As promised at a school board meeting last year by Columbus Africentric Early College founder Charles Tennant, the "Nubian pyramid" is set to rise outside the gleaming new East Side campus that opened in January — although smaller, more modern and on a different location than the vision that inspired it.

Some construction unions have volunteered to build the structure and donate the materials. The current rendering shows a 10-foot, metal pyramid crowned by a foot-tall ankh, the ancient Egyptian symbol for eternal life that resembles a cross with a loop on top.

Kay Onwukwe, lead architect of the Africentric campus project, said the ankh might be replaced by a glass cap that lights up at night. Base lights will make the pyramid appear to be "floating" six to 10 inches off the ground at night, Onwukwe said.

Onwukwe said he tried to honor Tennant's vision while reducing the cost down to $150,000 to $250,000, all donated by the unions.

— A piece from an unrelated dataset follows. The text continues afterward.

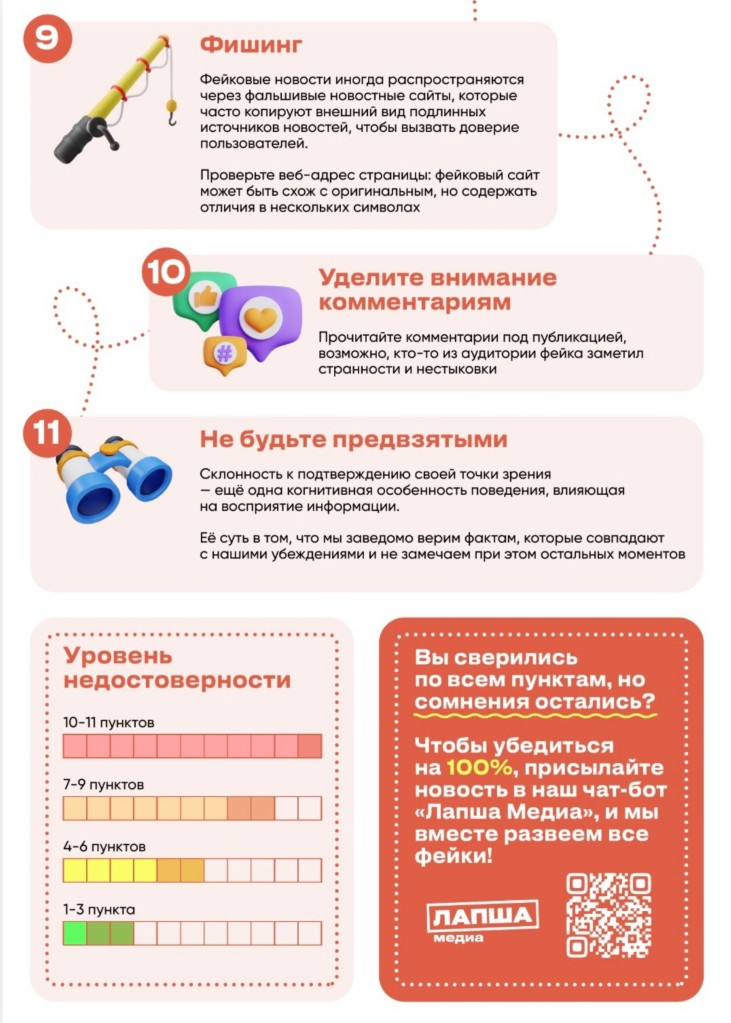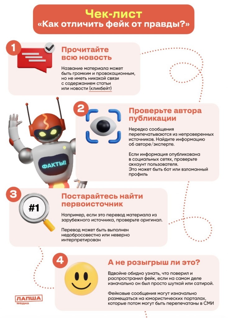 Разработанный «Чеклист по фактчекингу» по основам проверки информации на достоверность от проекта «Лапша Медиа», в котором указан алгоритм верификации информации, может использоваться в социальных сетях или в качестве раздаточных \ печатных материалов.

"He wanted to make it out of brick, stone, something that has some dignity and stability," Onwukwe said. "I tried to convince him that the engineering work would be more expensive."

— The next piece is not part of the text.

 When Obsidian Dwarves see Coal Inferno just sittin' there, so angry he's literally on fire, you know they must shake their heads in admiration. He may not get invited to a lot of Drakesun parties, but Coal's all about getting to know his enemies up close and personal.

In 2016, Tennant told the school board at a meeting that the new school should have a Nubian pyramid. Ancient Nubia, in the Nile valley, was known for its gold and military prowess. Their pyramids, smaller, narrower and steeper than Egyptian pyramids, still stand.

The school's sports teams are nicknamed the Nubians.

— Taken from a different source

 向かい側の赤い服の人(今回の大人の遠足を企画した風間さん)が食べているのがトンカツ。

Tennant told The Dispatch in December that the idea came to him in a vision; he saw a 15-foot pyramid, "and it's going to light up at night."

While not exactly what he described, the proposal is great, said Tennant, who championed the creation of the school and has influenced its design.

"It's kind of an abstract version," he said.

"We have some liberty with this. It's an art project," said Rich Manley, training director with the Plumbers and Pipefitters Local Union 189, which is donating materials and welders. The steel to be used is a type that purposefully rusts before a coating is applied to stop further rusting, giving it a reddish-brown look. It will be etched to resemble stone blocks.

"It will have almost like a dull shine to it," said Jeff Carey, a welder and business agent with the Pipefitters Local 189.

Electricians and carpenters unions also are participating in the project, and it's possible that district vocational students pursuing trades careers will help build the pyramid, said Scott Varner, spokesman for Columbus City Schools. But the tight schedule — trying to complete it before the start of school in the fall — might limit student help, he said.

The new, $40 million Africentric K-12 campus opened in January on a 52-acre site about a half-mile southeast of John Glenn Columbus International Airport, and includes the first new high school built by the district since Mifflin High School opened in 1977 and the district's largest sports arena. The school relocated there from its old site near German Village, where it had operated since 1996.